--- DATA SEGMENT Enclosed Below ---
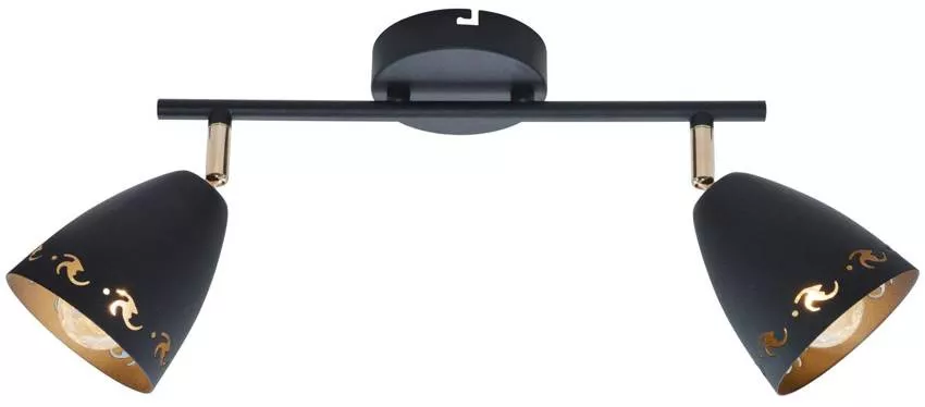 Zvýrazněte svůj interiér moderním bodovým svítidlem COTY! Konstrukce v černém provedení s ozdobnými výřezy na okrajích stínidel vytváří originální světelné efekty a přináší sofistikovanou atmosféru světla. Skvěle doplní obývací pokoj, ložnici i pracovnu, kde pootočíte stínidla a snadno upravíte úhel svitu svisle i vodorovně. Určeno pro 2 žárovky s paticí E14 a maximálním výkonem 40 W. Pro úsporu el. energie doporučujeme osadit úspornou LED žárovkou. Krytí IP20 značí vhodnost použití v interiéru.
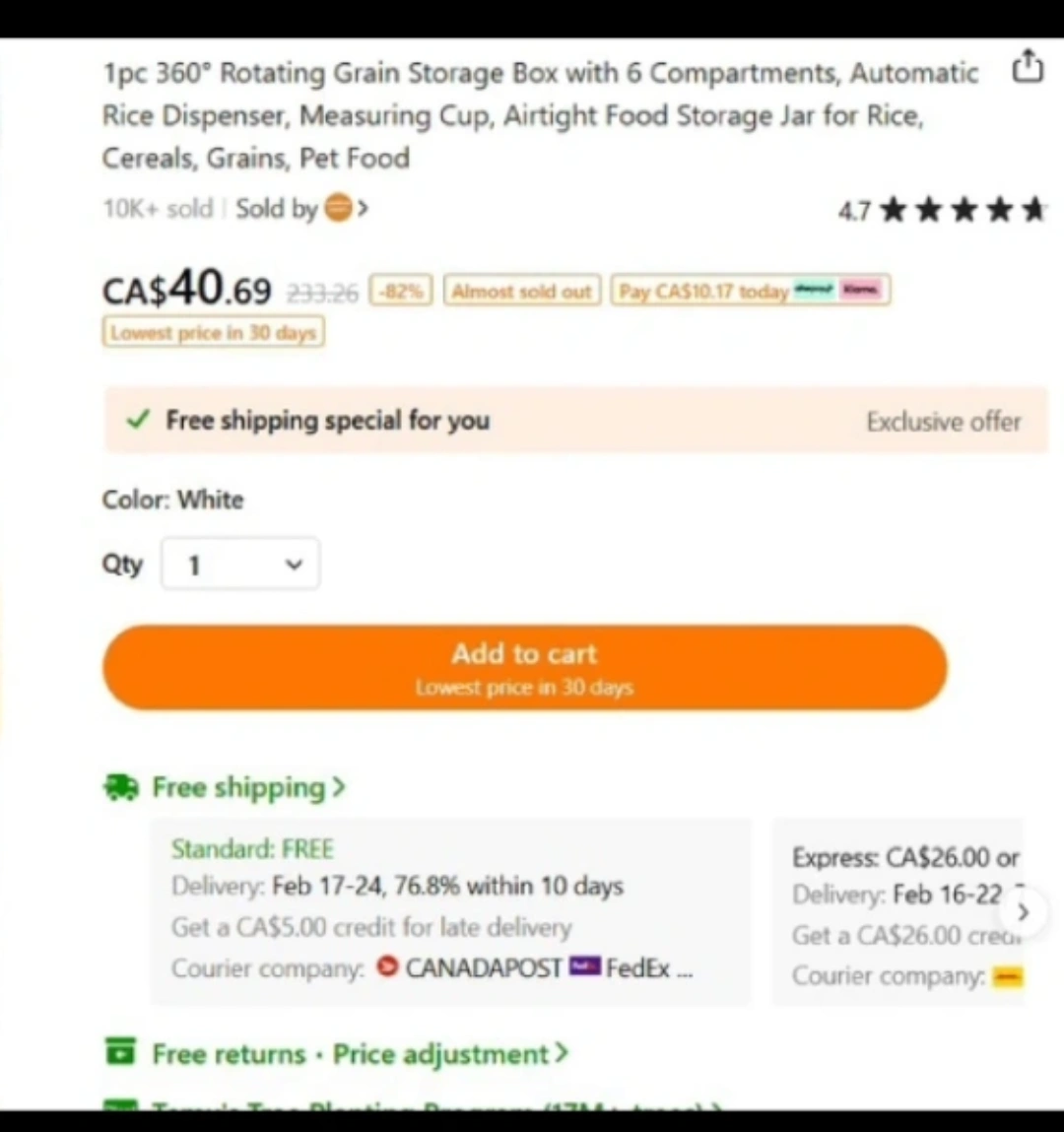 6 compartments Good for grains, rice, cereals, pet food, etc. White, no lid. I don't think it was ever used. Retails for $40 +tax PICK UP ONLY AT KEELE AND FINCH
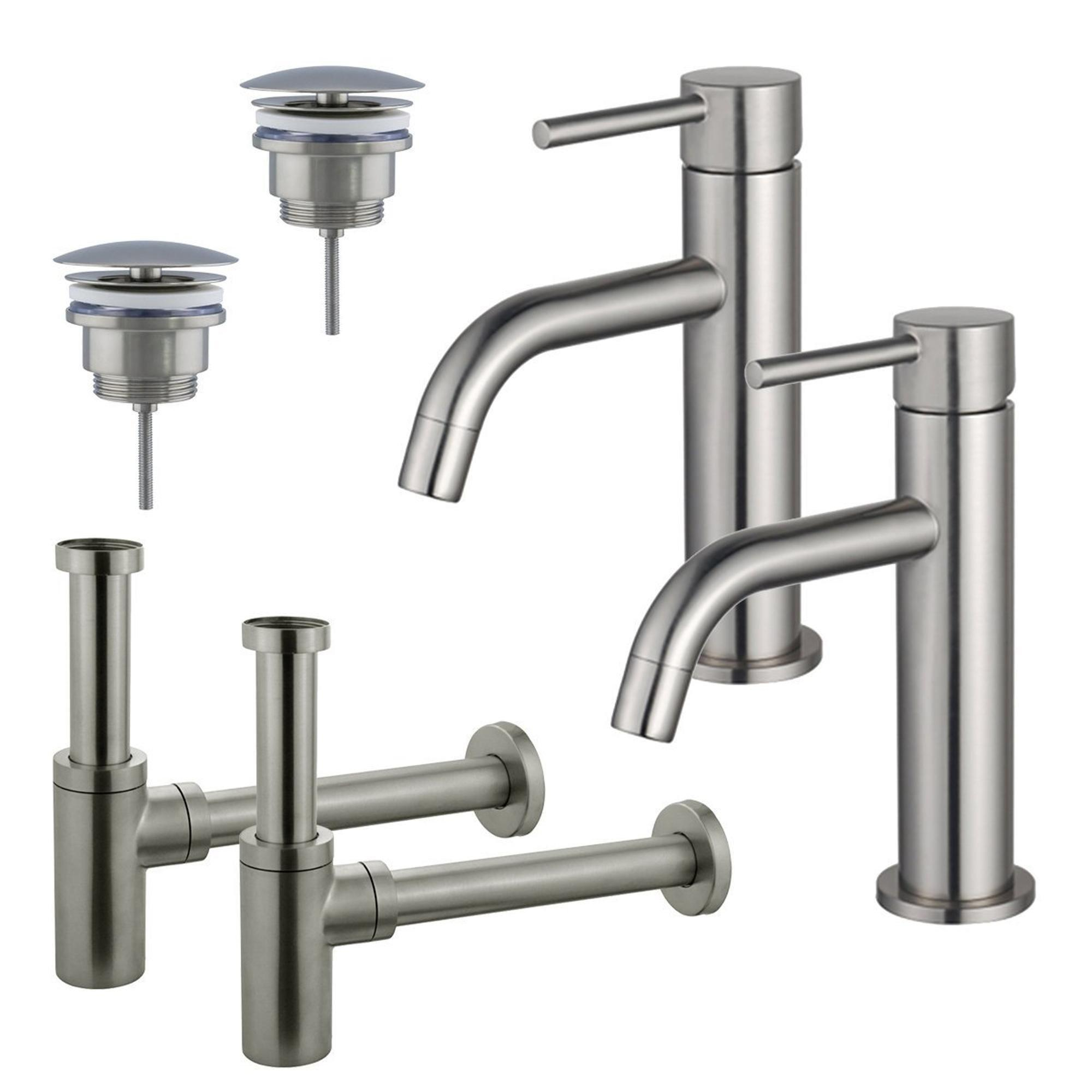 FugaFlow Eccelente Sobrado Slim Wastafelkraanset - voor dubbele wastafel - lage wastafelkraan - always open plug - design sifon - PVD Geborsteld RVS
--- End of Enclosed DATA SEGMENT ---
*INSTRUCTIONS TO FOLLOW*. Drop the images, then copy the data exactly.

*OUTPUT FOR THIS TASK*.
 Zvýrazněte svůj interiér moderním bodovým svítidlem COTY! Konstrukce v černém provedení s ozdobnými výřezy na okrajích stínidel vytváří originální světelné efekty a přináší sofistikovanou atmosféru světla. Skvěle doplní obývací pokoj, ložnici i pracovnu, kde pootočíte stínidla a snadno upravíte úhel svitu svisle i vodorovně. Určeno pro 2 žárovky s paticí E14 a maximálním výkonem 40 W. Pro úsporu el. energie doporučujeme osadit úspornou LED žárovkou. Krytí IP20 značí vhodnost použití v interiéru.
 6 compartments Good for grains, rice, cereals, pet food, etc. White, no lid. I don't think it was ever used. Retails for $40 +tax PICK UP ONLY AT KEELE AND FINCH
 FugaFlow Eccelente Sobrado Slim Wastafelkraanset - voor dubbele wastafel - lage wastafelkraan - always open plug - design sifon - PVD Geborsteld RVS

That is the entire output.